### Exercise directions
Repeat the entries exactly but omit the pictures.

### Source material
****************

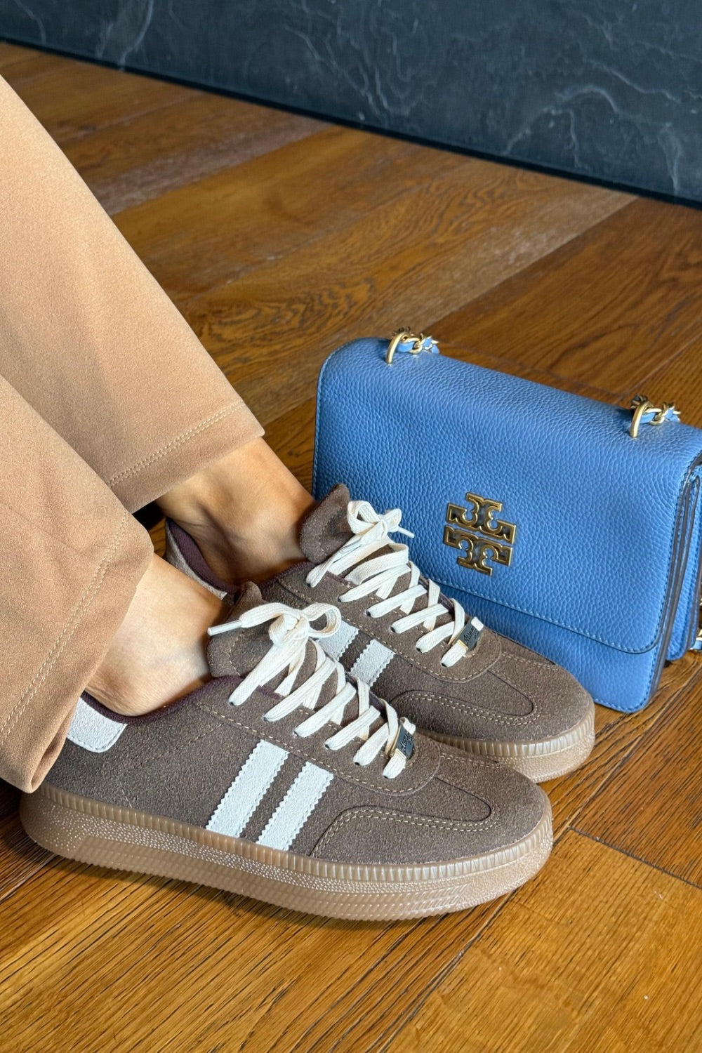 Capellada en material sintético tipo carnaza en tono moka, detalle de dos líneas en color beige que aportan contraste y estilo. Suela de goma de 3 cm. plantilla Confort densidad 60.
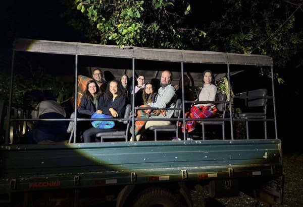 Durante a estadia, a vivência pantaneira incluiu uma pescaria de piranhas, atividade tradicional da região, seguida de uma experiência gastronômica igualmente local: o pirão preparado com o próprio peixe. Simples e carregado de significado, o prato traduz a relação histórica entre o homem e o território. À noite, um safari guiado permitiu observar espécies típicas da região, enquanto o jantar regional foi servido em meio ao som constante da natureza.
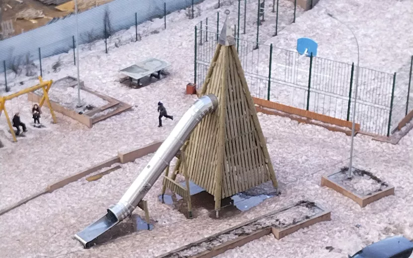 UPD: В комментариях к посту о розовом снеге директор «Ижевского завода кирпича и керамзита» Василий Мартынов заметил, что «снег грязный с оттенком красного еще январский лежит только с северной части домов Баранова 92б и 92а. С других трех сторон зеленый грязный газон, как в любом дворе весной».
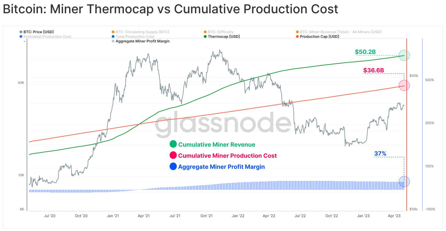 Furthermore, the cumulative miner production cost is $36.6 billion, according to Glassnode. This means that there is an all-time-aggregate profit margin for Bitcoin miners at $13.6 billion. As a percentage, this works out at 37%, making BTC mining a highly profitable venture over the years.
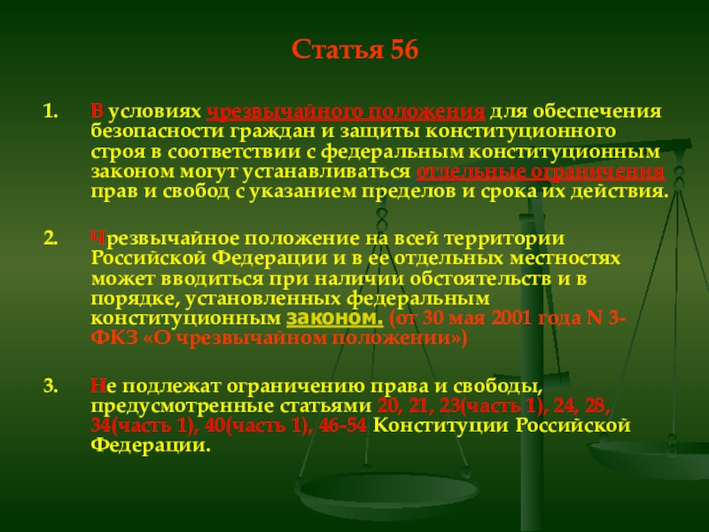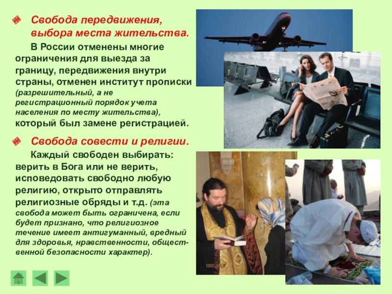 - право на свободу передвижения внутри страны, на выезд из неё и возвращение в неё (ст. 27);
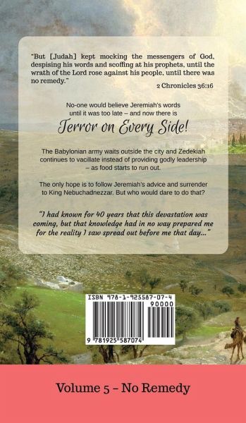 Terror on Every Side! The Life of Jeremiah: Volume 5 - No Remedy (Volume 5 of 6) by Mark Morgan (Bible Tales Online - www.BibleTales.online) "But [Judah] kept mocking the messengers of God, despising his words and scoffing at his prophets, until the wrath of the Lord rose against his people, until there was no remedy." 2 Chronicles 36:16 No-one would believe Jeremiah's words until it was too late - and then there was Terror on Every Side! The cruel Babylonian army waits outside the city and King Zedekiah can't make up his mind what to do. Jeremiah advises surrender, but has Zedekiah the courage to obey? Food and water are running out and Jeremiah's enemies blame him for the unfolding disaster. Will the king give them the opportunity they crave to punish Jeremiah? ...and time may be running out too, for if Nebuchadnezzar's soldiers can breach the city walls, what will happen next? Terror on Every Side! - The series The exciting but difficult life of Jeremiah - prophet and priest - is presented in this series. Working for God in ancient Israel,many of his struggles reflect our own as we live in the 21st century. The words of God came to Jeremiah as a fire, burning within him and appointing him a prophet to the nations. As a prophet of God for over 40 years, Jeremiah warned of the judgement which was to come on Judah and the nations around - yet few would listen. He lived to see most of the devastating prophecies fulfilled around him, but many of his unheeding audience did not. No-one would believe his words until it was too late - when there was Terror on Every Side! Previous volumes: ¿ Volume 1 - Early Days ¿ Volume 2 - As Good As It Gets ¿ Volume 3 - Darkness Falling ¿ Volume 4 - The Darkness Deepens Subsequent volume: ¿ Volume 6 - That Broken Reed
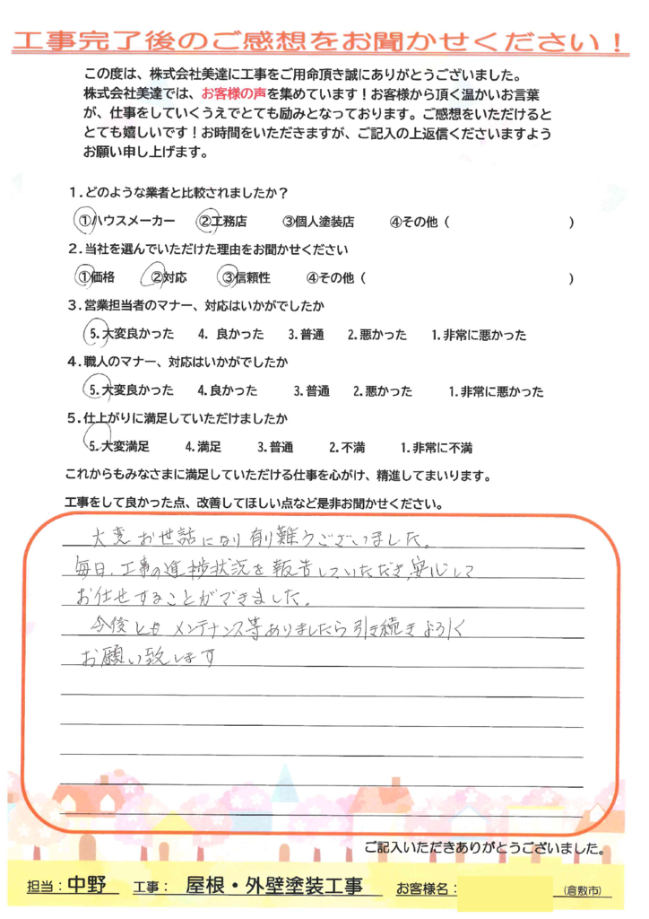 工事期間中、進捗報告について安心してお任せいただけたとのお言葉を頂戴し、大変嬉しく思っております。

****************

### Final answer
 Capellada en material sintético tipo carnaza en tono moka, detalle de dos líneas en color beige que aportan contraste y estilo. Suela de goma de 3 cm. plantilla Confort densidad 60.
 Durante a estadia, a vivência pantaneira incluiu uma pescaria de piranhas, atividade tradicional da região, seguida de uma experiência gastronômica igualmente local: o pirão preparado com o próprio peixe. Simples e carregado de significado, o prato traduz a relação histórica entre o homem e o território. À noite, um safari guiado permitiu observar espécies típicas da região, enquanto o jantar regional foi servido em meio ao som constante da natureza.
 UPD: В комментариях к посту о розовом снеге директор «Ижевского завода кирпича и керамзита» Василий Мартынов заметил, что «снег грязный с оттенком красного еще январский лежит только с северной части домов Баранова 92б и 92а. С других трех сторон зеленый грязный газон, как в любом дворе весной».
 Furthermore, the cumulative miner production cost is $36.6 billion, according to Glassnode. This means that there is an all-time-aggregate profit margin for Bitcoin miners at $13.6 billion. As a percentage, this works out at 37%, making BTC mining a highly profitable venture over the years.
 - право на свободу передвижения внутри страны, на выезд из неё и возвращение в неё (ст. 27);
 Terror on Every Side! The Life of Jeremiah: Volume 5 - No Remedy (Volume 5 of 6) by Mark Morgan (Bible Tales Online - www.BibleTales.online) "But [Judah] kept mocking the messengers of God, despising his words and scoffing at his prophets, until the wrath of the Lord rose against his people, until there was no remedy." 2 Chronicles 36:16 No-one would believe Jeremiah's words until it was too late - and then there was Terror on Every Side! The cruel Babylonian army waits outside the city and King Zedekiah can't make up his mind what to do. Jeremiah advises surrender, but has Zedekiah the courage to obey? Food and water are running out and Jeremiah's enemies blame him for the unfolding disaster. Will the king give them the opportunity they crave to punish Jeremiah? ...and time may be running out too, for if Nebuchadnezzar's soldiers can breach the city walls, what will happen next? Terror on Every Side! - The series The exciting but difficult life of Jeremiah - prophet and priest - is presented in this series. Working for God in ancient Israel,many of his struggles reflect our own as we live in the 21st century. The words of God came to Jeremiah as a fire, burning within him and appointing him a prophet to the nations. As a prophet of God for over 40 years, Jeremiah warned of the judgement which was to come on Judah and the nations around - yet few would listen. He lived to see most of the devastating prophecies fulfilled around him, but many of his unheeding audience did not. No-one would believe his words until it was too late - when there was Terror on Every Side! Previous volumes: ¿ Volume 1 - Early Days ¿ Volume 2 - As Good As It Gets ¿ Volume 3 - Darkness Falling ¿ Volume 4 - The Darkness Deepens Subsequent volume: ¿ Volume 6 - That Broken Reed
 工事期間中、進捗報告について安心してお任せいただけたとのお言葉を頂戴し、大変嬉しく思っております。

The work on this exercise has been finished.